Cody tells me justice should be its own reward and yes, he's absolutely right. Just don't tell me there isn't a gamer out there that hasn't gloated internally, after nailing a tough level, right? The post-victory bar line-up is always something special, and so is the first family meal that follows in the wake of you having put things right. Maybe I'm still too young to see it, but I can't quite nail it - when I do - and not feel a surge of pride.

All Tanner gets is this glimmer of hope in his eyes, that little smirk that means tons more than what's shown, and he just heads back to the office.
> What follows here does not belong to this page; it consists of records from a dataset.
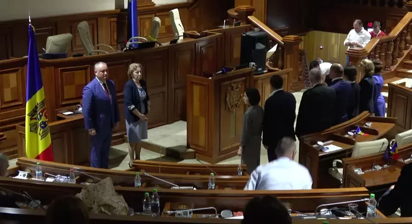 Pierad hałasavańniem deputataŭ Sandu zajaviła: «Dyktatar paŭ. Ź siońniašniaha dnia aliharchičny režym — u apazicyi».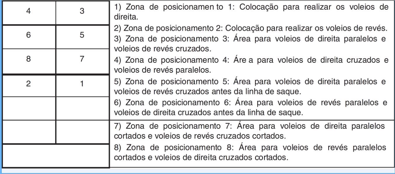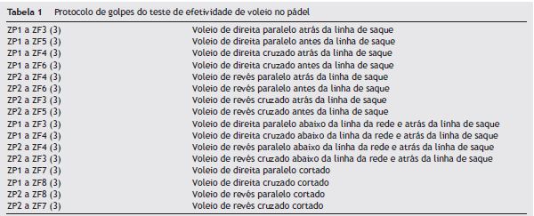 Para avaliar a precisão de voleio, foi feito teste específico de pádel que consiste na aplicação de 48 voleios divididos em áreas determinadas da quadra (Montes Fernández; Rojo Rodriguez, 2015). São demarcadas oito áreas dentro da quadra, divididas em zonas de posicionamento e zonas de finalização, de acordo com a figura 1 (Montes Fernández; Rojo Rodriguez, 2015). Um monitor previamente treinado, e cegado quanto aos objetivos do estudo, foi posicionado de modo centralizado ao fundo da quadra, de onde lançou as bolas em 16 grupos de três voleios em ordem pré-determinada conforme a tabela 1. Registrou-se o número de voleios acertados pelo sujeito e foi mensurada a frequência relativa (porcentagem) de acertos e erros.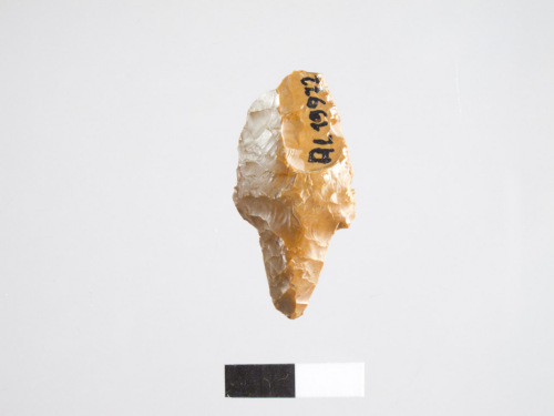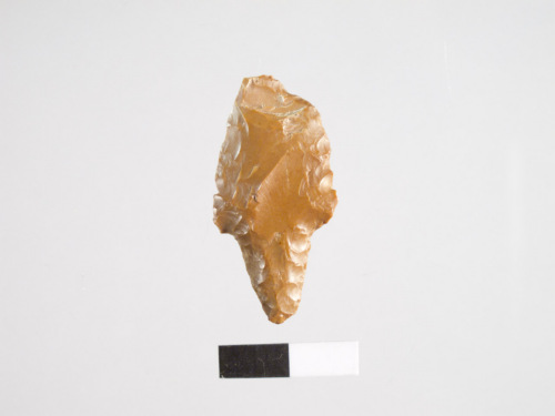 punta di freccia foliata e peduncolata con ritocco tendenzialmente coprente bifacciale; selce di colore marrone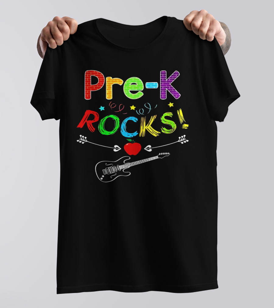 Pre-K Rocks Funny Kids Teachers Back To School With Guitar And Apple T-Shirt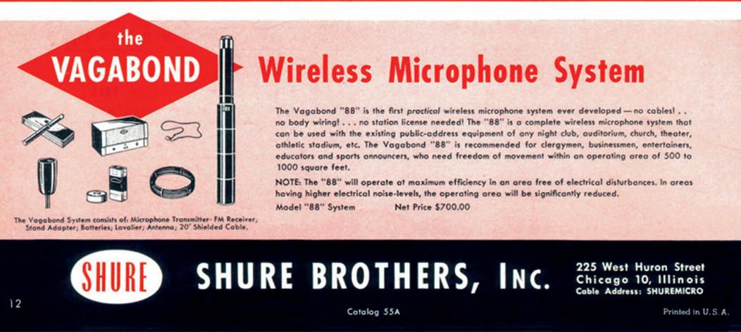 De eerste aanspraak op een draadloos microfoonsysteem voor gebruik op een podium kwam in 1953 met het Vagabond 88 systeem van audiobedrijf Shure Brothers. De microfoon werkt op twee batterijen en heeft een bereik van circa 65 vierkante meter. Om het toestel te gebruiken, werd een draadantenne rond het podium geplaatst.

That's all he needs.

I'm guessing victory cheers and personal celebrations lose their charm after a couple hundred years. He'd make a poor gamer, then. No endgame cinematic blow-outs, no self-indulgent mechanics, no Achievement or Trophy pop-ups, no victory fanfares... Just the sense that he's pulled it off and that it's another day in the wild and woolly world of a defense attorney.

I don't know how he does it, honestly."